Leão

Personal information
- Full name: Augusto Pinto Duarte Maia
- Date of birth: 22 April 1971 (age 54)
- Place of birth: Porto, Portugal
- Height: 1.79 m (5 ft 10 in)
- Position: Midfielder

Youth career
- 1984–1985: Porto
- 1985–1989: Salgueiros

Senior career*
- Years: Team / Apps / (Gls)
- 1989–1998: Salgueiros / 152 / (1)
- 1998: Sporting / 2 / (0)
- 1999–2003: União de Leiria / 133 / (2)
- 2003–2007: Leixões / 55 / (0)

Managerial career
- 2008–2009: Salgueiros (U19)
- 2009–2010: Pedrouços
- 2011–2012: Salgueiros (assistant)

= Leão (footballer) =

Portuguese footballer (born 1971)

Augusto Pinto Duarte Maia (born 22 April 1971), known as Leão, is a Portuguese football coach and a former player.

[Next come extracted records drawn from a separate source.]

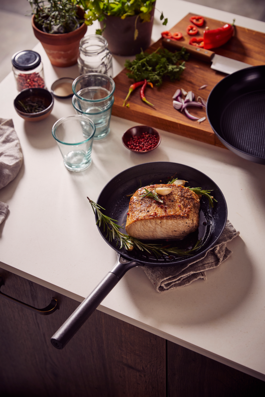 Brabantia Patron-stekpannan har allt du behöver för hälsosam, fettsnål stekning: en PFAS-fri non-stickbeläggning, slitstarkt material av 100 % återvunnet pressjärn och en stilren, funktionell design. Den strukturerade keramiska insidan ger jämn värmefördelning – utan att maten fastnar.
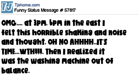 X says OMG.... at 3pm, 6pm in the east I felt this horrible shaking and noise and thought, OH NO AHHHH..IT'S TIME...WTH!!!. Then I realized it was the washing machine out of balance.
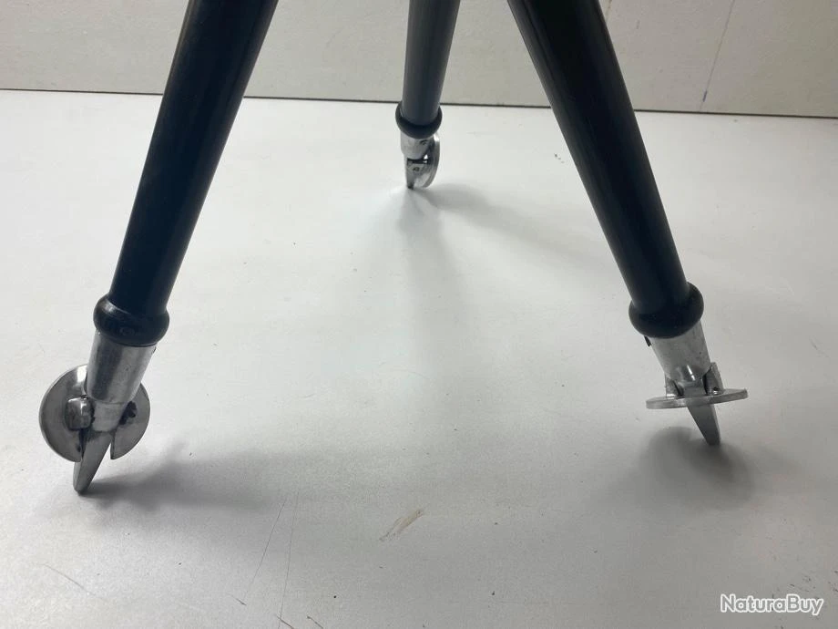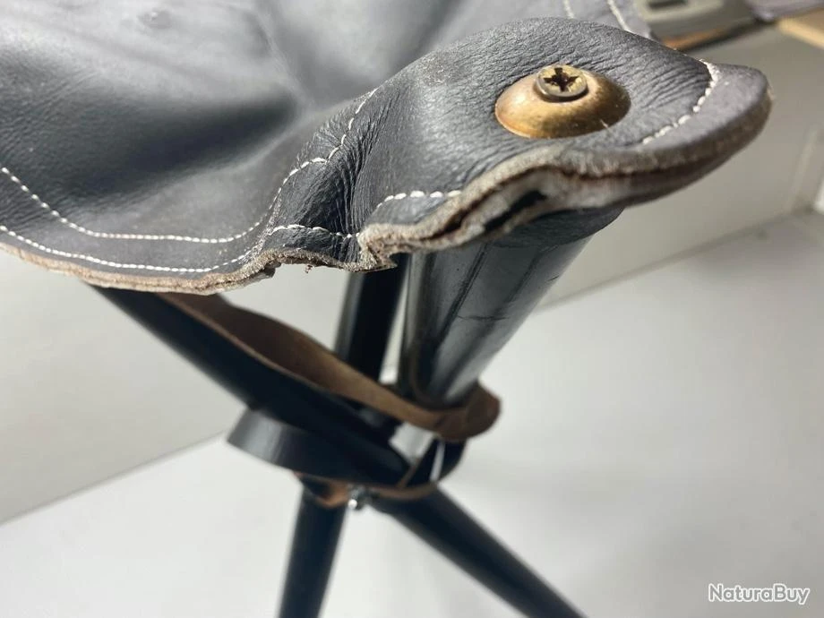 Siège trepied pliant en cuir, bois et plieds en aluminium.
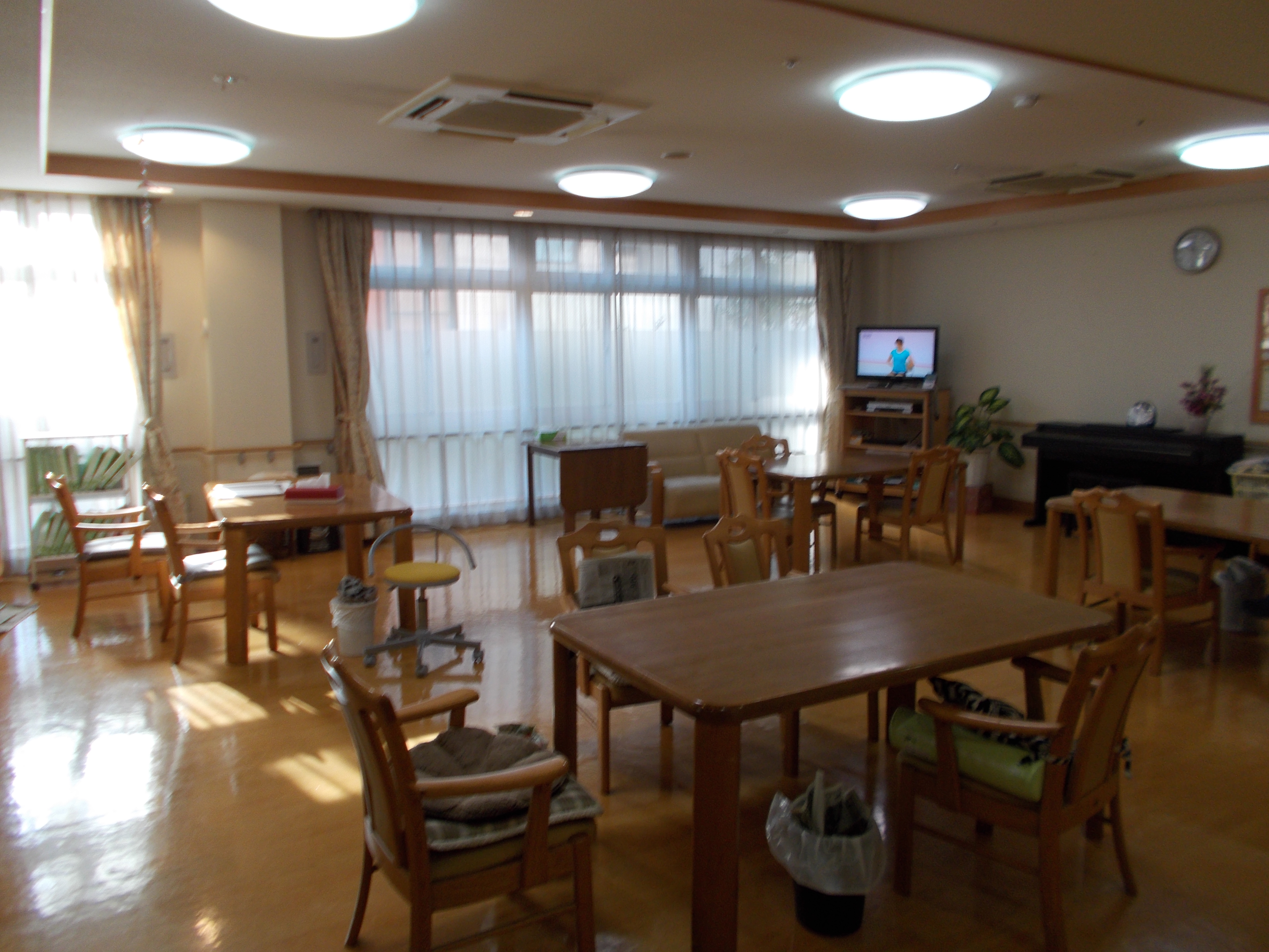 各階ごとのユニットケアで、お馴染みの人達と各階の中央近くにあるリビング、ダイニングでお食事をしたり、TVを見たり、レクレーションを行ったりしています。
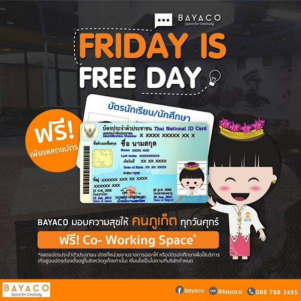 “สำหรับคนภูเก็ต ตอนนี้เรามีแคมเปญ Friday is freeday เพื่อให้คนภูเก็ต ได้เข้ามาทดลองใช้บริการ Bayaco Co-working space ฟรีทุกวันศุกร์ เพียงแสดงบัตรประชาชนภูเก็ต บัตรนักเรียน นักศึกษา ก็สามารถใช้บริการได้ฟรีจนถึงสิ้นปี 2562 โดยสามารถดูข้อมูลเพิ่มเติมได้ที่ Facebook : bayaco” นายวิศรุต กล่าวทิ้งท้าย
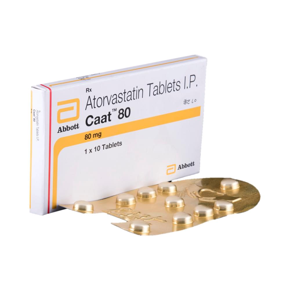 Caat 80mg Tab (Atorvastatin) is a medication used to lower cholesterol levels. It works by blocking the production of cholesterol in the liver. Common side effects include muscle aches and digestive issues. Important safety considerations include avoiding alcohol excess, potential drowsiness, and contraindications during pregnancy and breastfeeding. Always follow your doctor's prescribed dosage and report any unusual symptoms immediately.
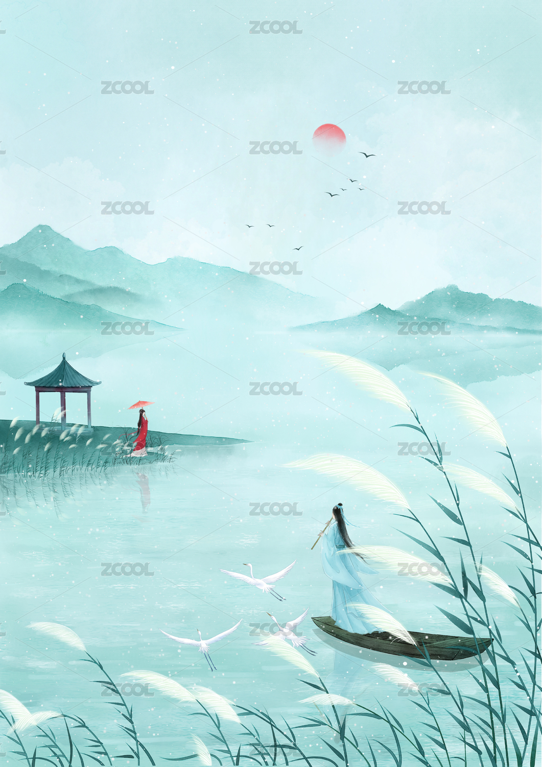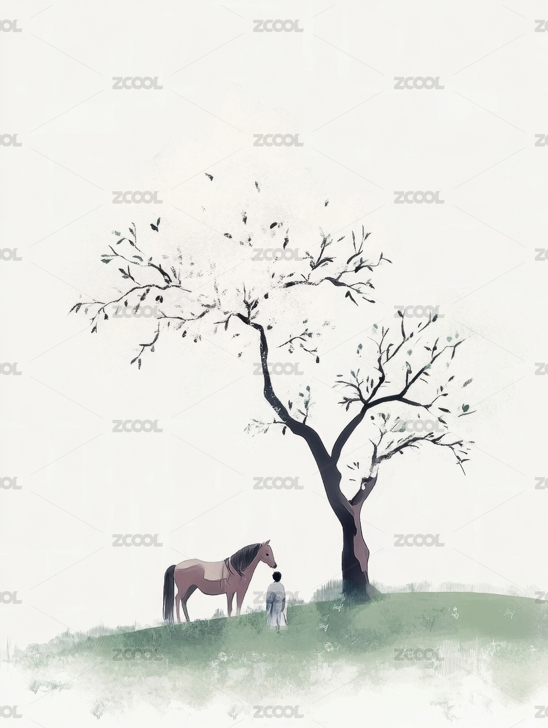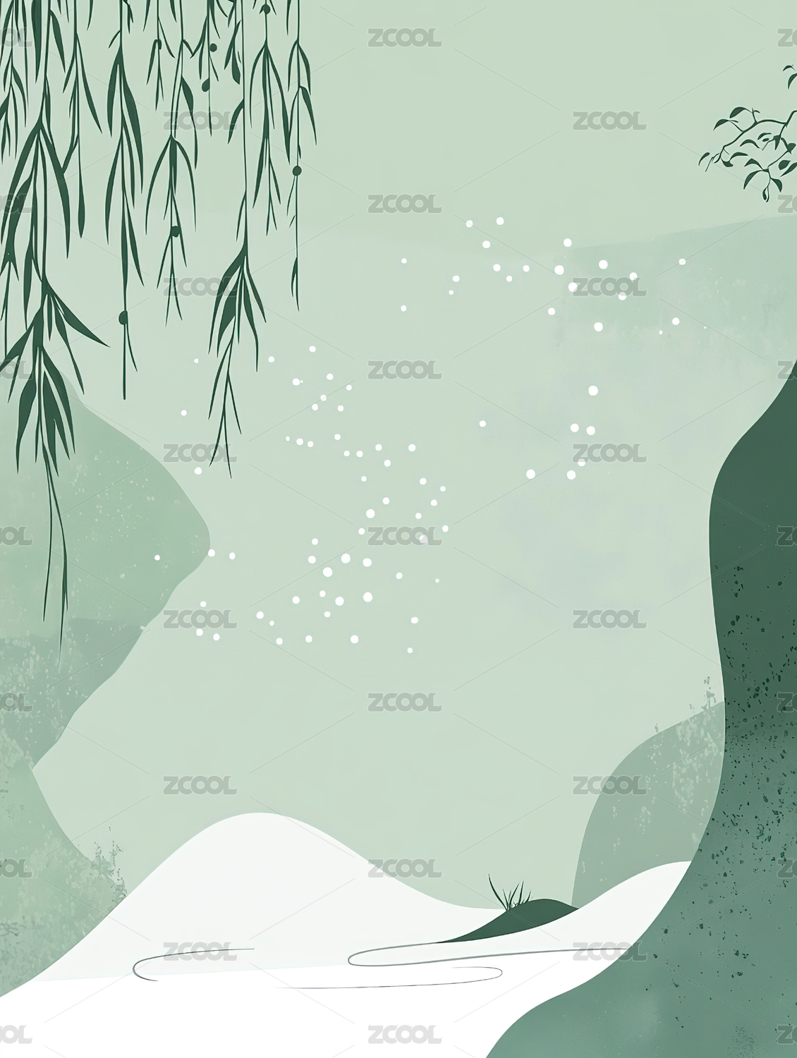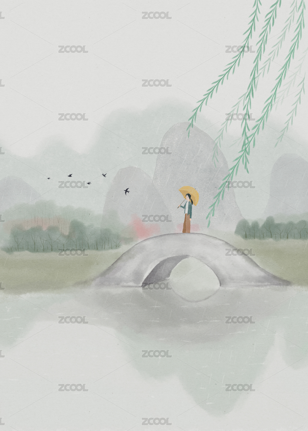 中国风,插画,插图,24节气,树,大自然,清明节,春天,柳树,牧童

He played 13 seasons and 287 games in the Portuguese Premier League for Salgueiros, União de Leiria and Sporting.

==Career==
Leão made his Primeira Liga debut for Salgueiros on 19 August 1990 as a starter in a 1–2 loss against Tirsense.

On 15 June 2003, Leão was part of the União de Leiria team that played in the Portuguese Cup final against FC Porto.